Hoe gevaarlijk toorn wel kan zijn, wordt geïllustreerd in het geval van Kaïn. Toen Kaïn zag dat Gods gunst ten aanzien van zijn broer werd betoond en niet ten aanzien van hemzelf, werd hij woedend. Hoewel hij een goddelijke waarschuwing ontving, gaf hij toe aan een verkeerde denkwijze en vermoordde zijn broer. — Gen. 4:4-8.
HOE TOORN IN BEDWANG GEHOUDEN KAN WORDEN
Beslist niemand van ons zou hetzij in houding of in handelwijze als Kaïn willen worden. Wij dienen er dus moeite voor te doen toorn in bedwang te houden. Dit betekent niet dat wij emoties slechts uiterlijk moeten beheersen. De kunst om toorn in bedwang te houden, begint met het vermogen op redelijke wijze te reageren — zonder al te grote uitwendige of inwendige stoornissen — wanneer men tegenover ongunstige situaties komt te staan.
Neem bijvoorbeeld het geval van iemand die terechtgewezen wordt wegens een nalatigheid van zijn zijde of omdat hij zich schuldig heeft gemaakt aan een verkeerde daad. Als hij trots tussenbeide laat komen, kan hij hier erg kwaad over worden. Dat overkwam de Judese koning Asa. Toen hij door de profeet Hanani werd terechtgewezen omdat hij geen geloof aan de dag had gelegd, werd Asa woedend. Hij zette Hanani in „het huis van het blok” en begon ook anderen van zijn onderdanen te onderdrukken (2 Kron. 16:7-10). In plaats van kwaad te worden, had Asa de situatie redelijk moeten bezien. Hij had in gedachten moeten houden dat Hanani niet uit zichzelf sprak, maar als Jehovah’s boodschapper. Het was een tijd dat Asa zijn ongelijk had moeten erkennen en oprecht berouw tot uitdrukking had moeten brengen.

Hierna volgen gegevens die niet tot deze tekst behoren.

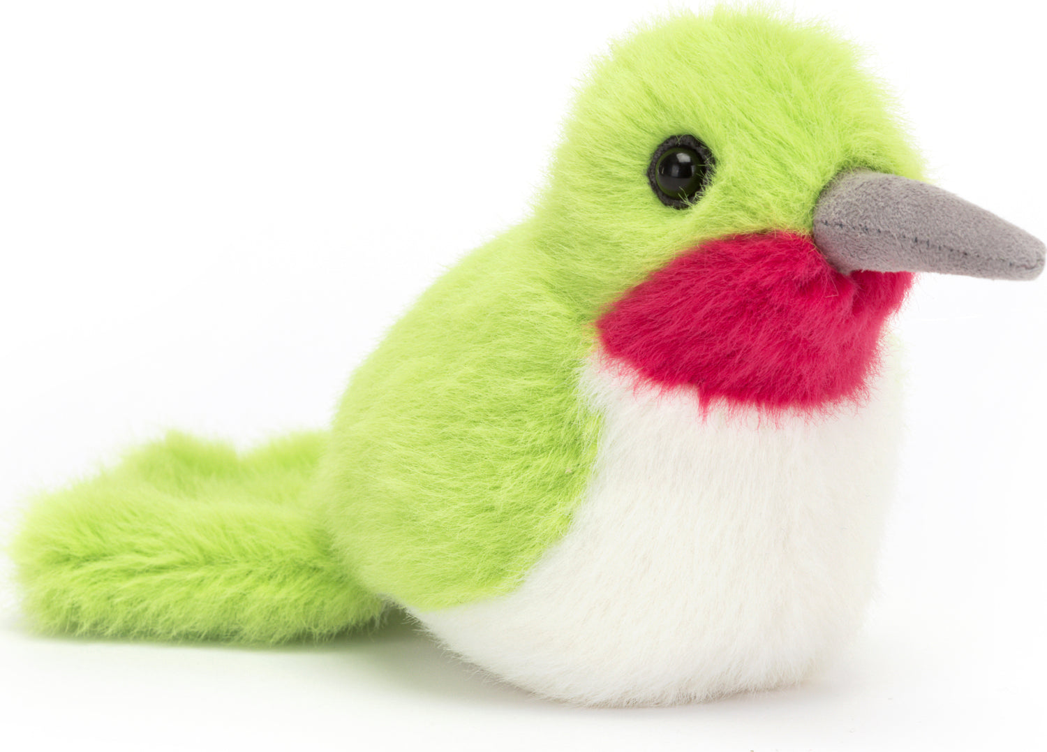 Birdling Hummingbird is a summertime sweetie in bold green and cream fur. With a long suedey beak and deep red chin, this lucky softie has a soft fan tail and is ready to fly!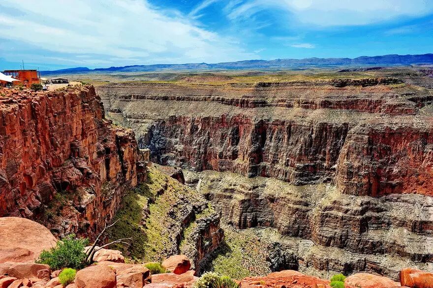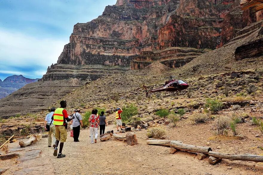 清晨5点半从拉斯维加斯出发大约2个小时到大峡谷的游客中心。在哪里换乘公园的大巴大约40分钟到达景区的服务区。从这里可以坐直升飞机游览峡谷(要花费179美金包括峡谷底部科罗拉多河的汽艇费用)。服务区有大巴在景点间行驶,你可以随意上下。其实只有两个景点,老鹰峡 ,蝙蝠峡。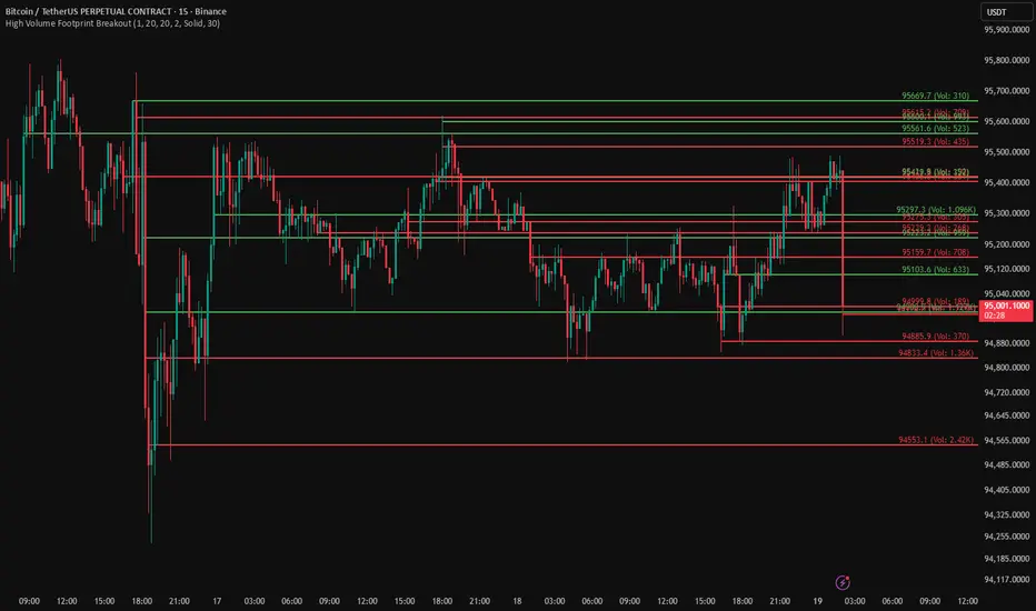 This indicator is provided for educational and informational purposes only and DOES NOT constitute financial, investment, or trading advice. The "High Volume Footprint Breakout" tool is based on historical data analysis and algorithmic interpretation of market volume; it does not predict future market movements with certainty.

Nederigheid zou Asa hebben geholpen toorn in bedwang te houden. Willen wij dus de bijbelse raad opvolgen om ’af te laten van toorn’, dan moeten ook wij nederigheid ontwikkelen.
Soms doen en zeggen mensen onvriendelijke dingen die ons onaangenaam treffen. Wij kunnen hier zelfs heel erg door van streek geraken. Wat kunnen wij doen? Wij doen er goed aan de beweegredenen te beschouwen van degenen die ons aldus van streek brengen.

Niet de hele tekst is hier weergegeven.